## HOW TO COMPLETE THIS TASK
Word for word, restate the lines from the one holding "Bed has been" through the last line of the material below, and leave every picture out.

## DATA BELOW
====
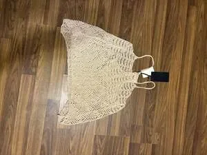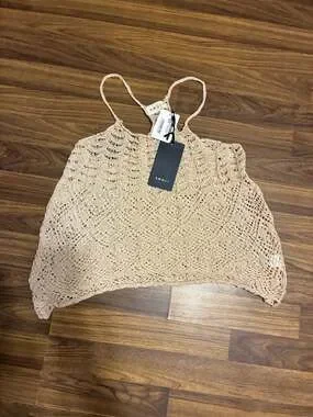 AMOLI sheer knit cami in beige. The fabric has a nice textured weave and drapes well. Works as a layering piece or on its own depending on what you're wearing underneath.
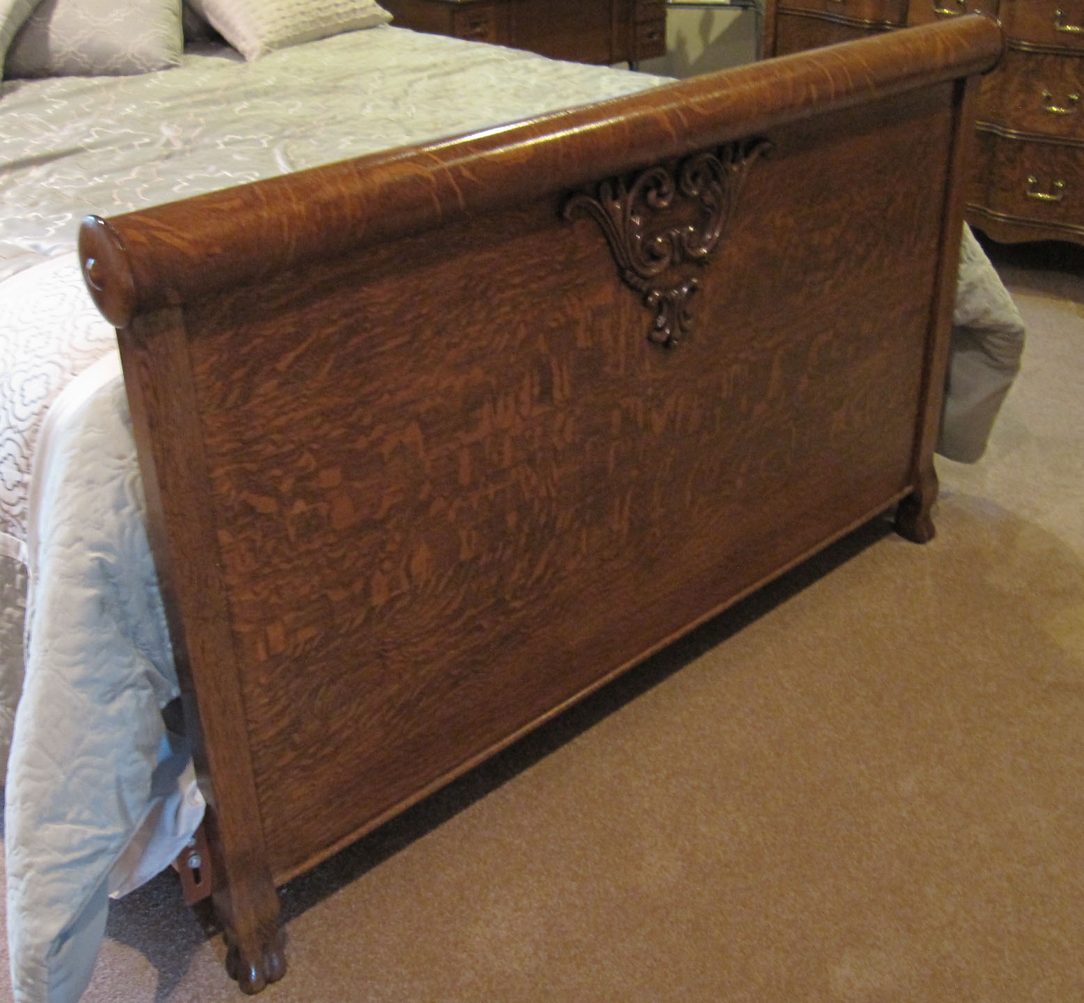 Bed has been set-up with a Queen-size mattress conversion kit. May still be used as full-size with original side rails if desired.
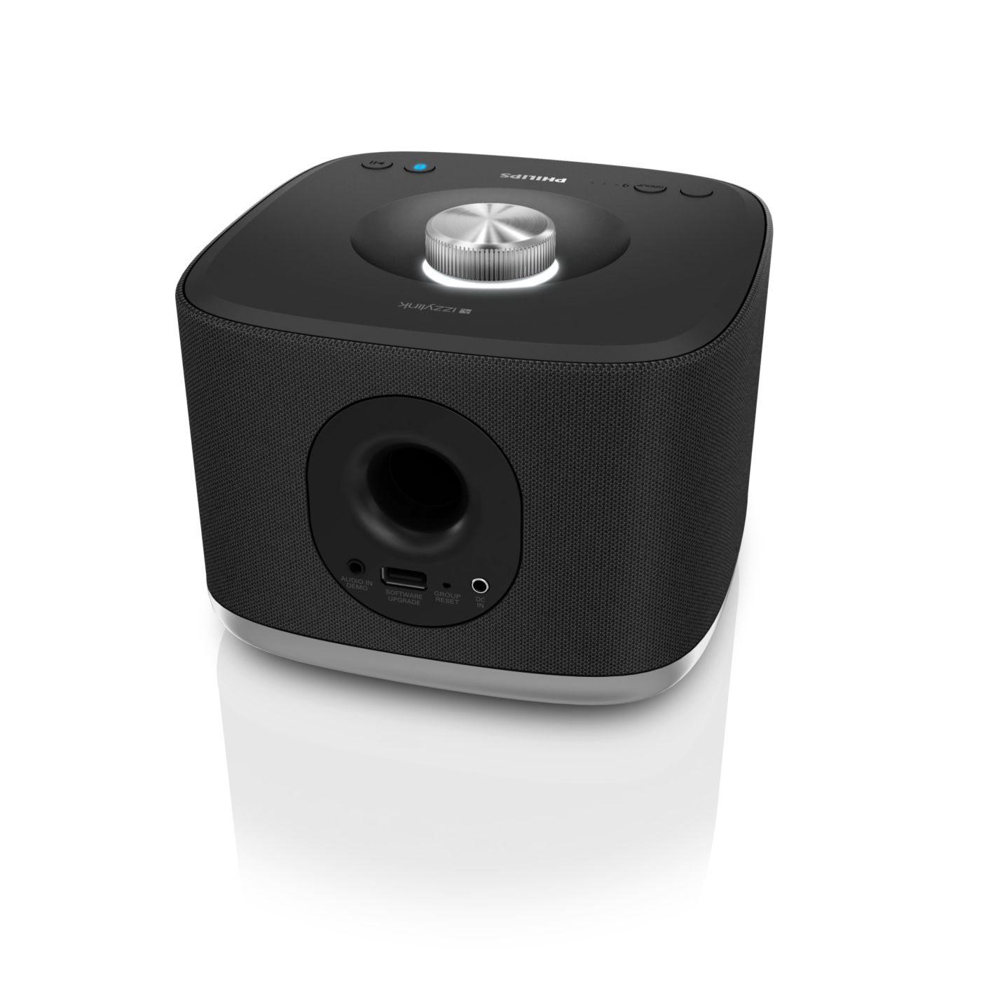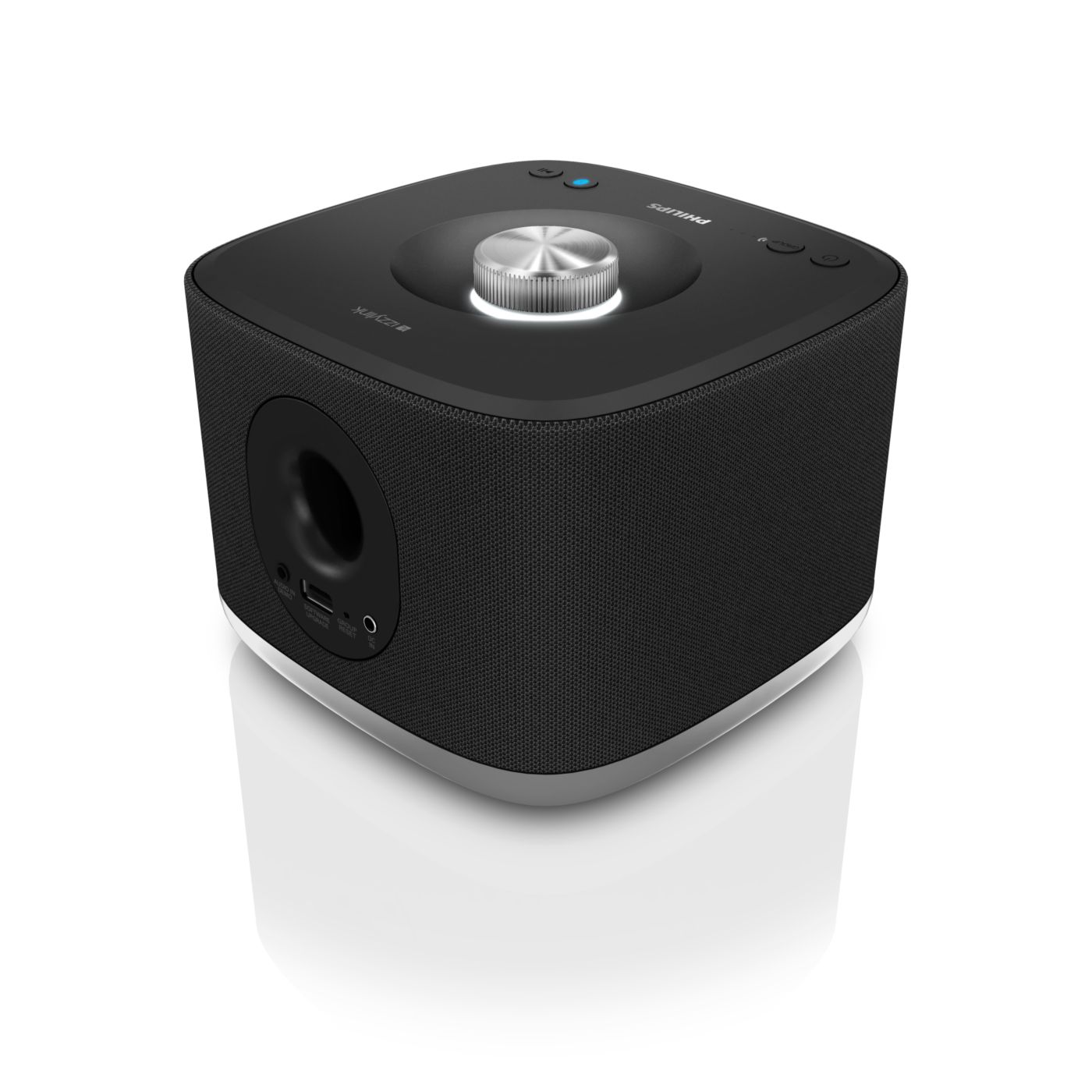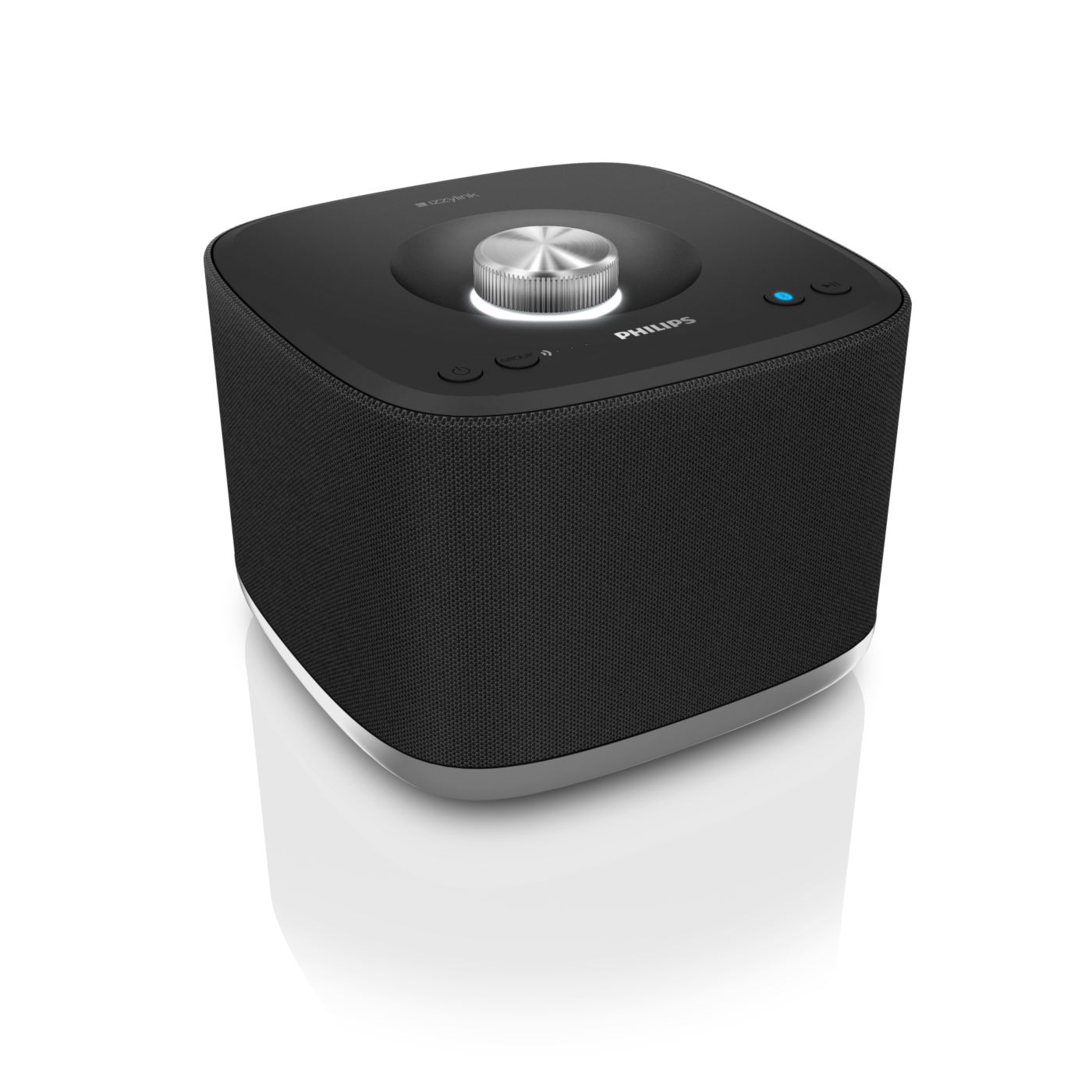Philips izzy wireless multi-room speaker plays music wirelessly via Bluetooth. With a tap of button, up to 5 izzy speakers play music in every room at the same time effortlessly. Easy setup, no router, password or apps.
====
## OUTPUT OF THE TASK
 Bed has been set-up with a Queen-size mattress conversion kit. May still be used as full-size with original side rails if desired.
Philips izzy wireless multi-room speaker plays music wirelessly via Bluetooth. With a tap of button, up to 5 izzy speakers play music in every room at the same time effortlessly. Easy setup, no router, password or apps.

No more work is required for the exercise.